LLM with Agent, Backend or both

📅 Published on September 17, 2024

An agent is essentially just code connected to a large language model (LLM), designed to automate tasks. It’s not some science-fiction villain poised to take over the world unless, of course, a quantum cyberhacking genius manages to break through encryption standards like Post-Quantum Cryptography, AES-256, or SHA-3, and gains control over nuclear drones. In short, this idea is straight out of Hollywood.

That said, when properly configured, agents can display remarkable features such as autonomy, reactivity, proactiveness, social skills, and learning abilities. Pretty impressive, right?
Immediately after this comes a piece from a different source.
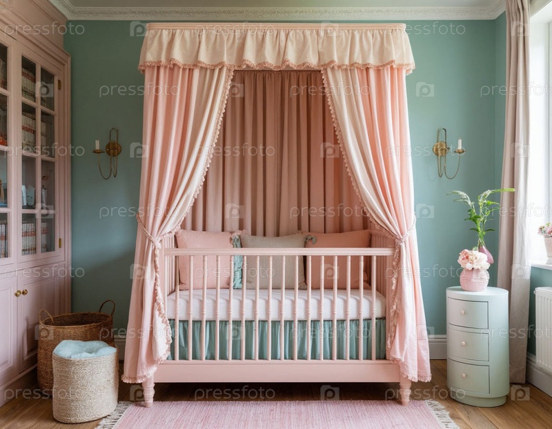 Маленькая детская кроватка в пастельных тонах. Генерируется ИИ

Whether using agents, a backend, or both, the possibilities for automation are limitless. Let’s dive into three scenarios to illustrate the scope of these technologies.

I. LLM + backend

When dealing with AI, the approach varies depending on whether you’re handling interactive or automated systems. For instance, in a previous discussion (Chapter 1, Episode 4), we covered analysis strategies in detail.
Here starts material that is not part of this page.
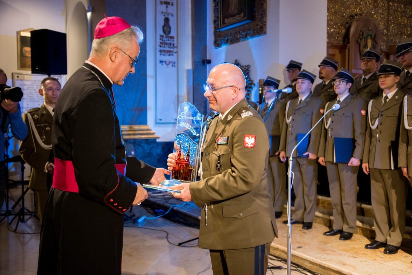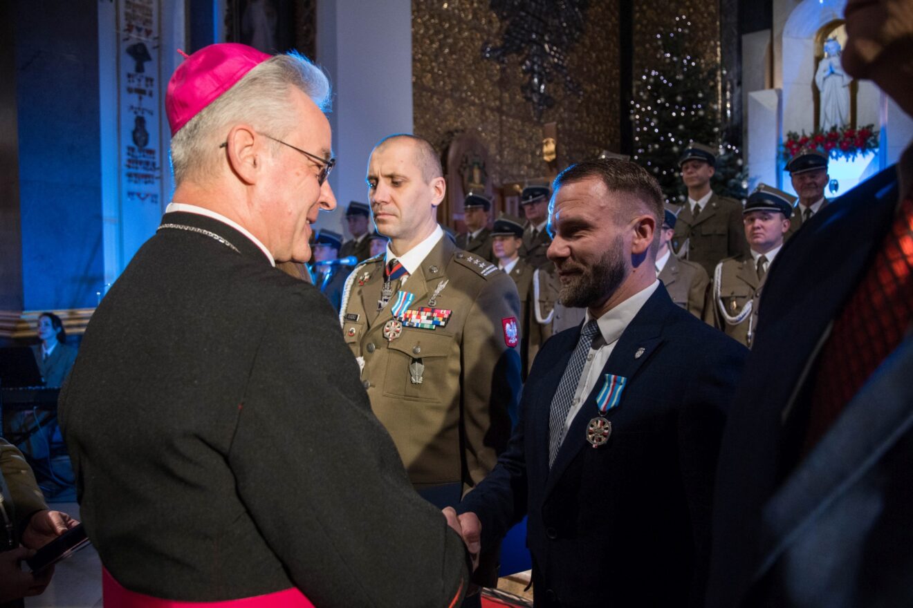 – Z całego serca dziękuję za przykład godny uznania i naśladowania. W walce z różnymi żywiołami, nie tylko zewnętrznymi, dajecie przykład, jak należy tę walkę „z” i „o” prowadzić. Robicie to w duchu służby. W odniesieniu do Was: żołnierzy WOT, Fundacji Wspieram Cicho i Skutecznie, rodziny sierż. Mateusza Sitka i pana Jacka Krzyżanowskiego to słowo „służba” nie razi patosem, ani też nie jest, jak się mówi, wyświechtane. Jest jak najbardziej na czasie i na miejscu – zwrócił się do laureatów bp Wiesław Lechowicz. Odniósł się do katedry polowej, w której odbyła się uroczystość. – Cieszę się, że mogłem te wyróżnienia wręczyć wam w tym miejscu, gdzie codziennie zanoszone są modlitwy za żołnierzy Wojska Polskiego i pracowników resortu obrony narodowej, a także za wszystkich funkcjonariuszy służb mundurowych. Przykłady, którymi świecicie są dowodem, że nasze modlitwy przynoszą skutek – naznaczeni Bożym błogosławieństwem podejmujecie skuteczne działania na rzecz ochrony naszego pokoju i bezpieczeństwa, a nawet wykraczacie ponad zakres waszych obowiązków – dodał.

Once analysis is complete, the data can be transferred to your backend for further processing. Our AI model, Adriana, follows this pattern, with its backend connected to an LLM. The result? It can deliver a final income tax calculation in under 10 questions, showcasing the efficiency of this configuration.

II. LLM + Agent

In this model, the agent takes the lead. It communicates with the LLM, performs analysis, and launches the appropriate tools for the task at hand.
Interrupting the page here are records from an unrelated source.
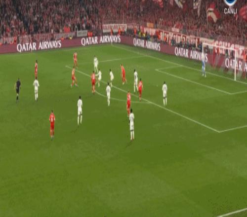 上半場比賽2隊便進入了針鋒對麥芒的節奏;開場僅35秒時間,經驗豐富的諾伊爾便出現了后場低級的傳球失誤,居萊爾笑納大禮遠距離吊射空門得手收獲自己的歐冠處子球,1:0,總比分2:2!這是皇馬隊史歐冠最快進球紀錄。第6分鐘,基米希角球旋入禁區,帕夫洛維奇近距離頭球攻門得手,1:1,總比分2:3! 雙方都上演閃擊戰。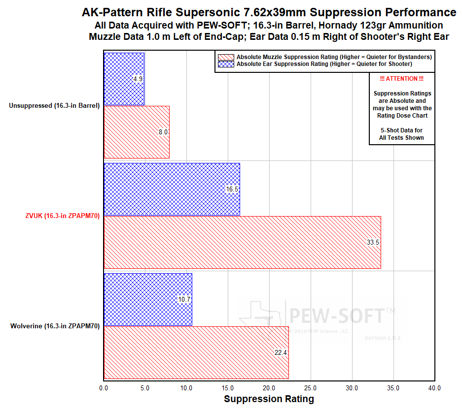 Figure 6. Suppression Rating Comparisons of Zastava ZVUK and Dead Air Wolverine Using PEW-SOFT 7.62×39mm Supersonic AK Test Data and PEW Science Analysis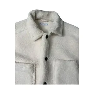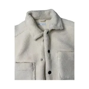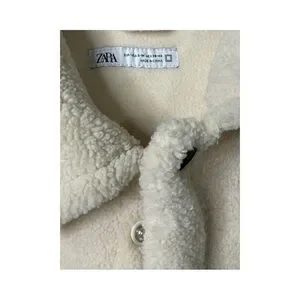 Zara Fleece Overshirt S-M Ecru White faux shearling shacket jacket coat shirt

However, this strategy has limitations when it comes to scalability, mainly due to the complexity of managing multiple processes with a single agent. If you need to manage multiple workflows or handle intricate tasks, alternative strategies are worth exploring, such as:

Gemini Google Strategy: Using Chain of Thought (Wei et al., 2022) for step-by-step reasoning
GPT-4, Tree of Thoughts (Yao et al., 2023) for problem-solving frameworks
If you’re particularly advanced, 𝐎𝐩𝐞𝐧𝐀𝐈’𝐬 𝐬𝐭𝐫𝐚𝐭𝐞𝐠𝐲 probably behind OpenAI o1 “Let’s Verify Step by Step” (Lightman et al., 2023) for reasoning through process supervision.
There is also the Mixture of Experts (MoE) 𝐌𝐢𝐬𝐭𝐫𝐚𝐥 𝐬𝐭𝐫𝐚𝐭𝐞𝐠𝐲, where each expert within the model can be fine-tuned independently to create specialized agents. While this method can optimize computational resources during inference (only activating the necessary experts), training and fine-tuning multiple experts still require significant GPU power, particularly for large-scale models.

III. LLM + Agent + backend

Now we’re talking about the strategy we really favor. This setup is highly scalable, effective, and accurate, leveraging the power of both agents and a backend.

Coupled with a Domain-Driven Design (DDD) architecture, this approach allows for a scalable AI solution suitable for complex business use cases. Essentially, it can handle almost anything.

You can also implement a multi-agents environment, where agents communicate and collaborate to complete tasks. However, managing such an environment can become a real GPU gluttony.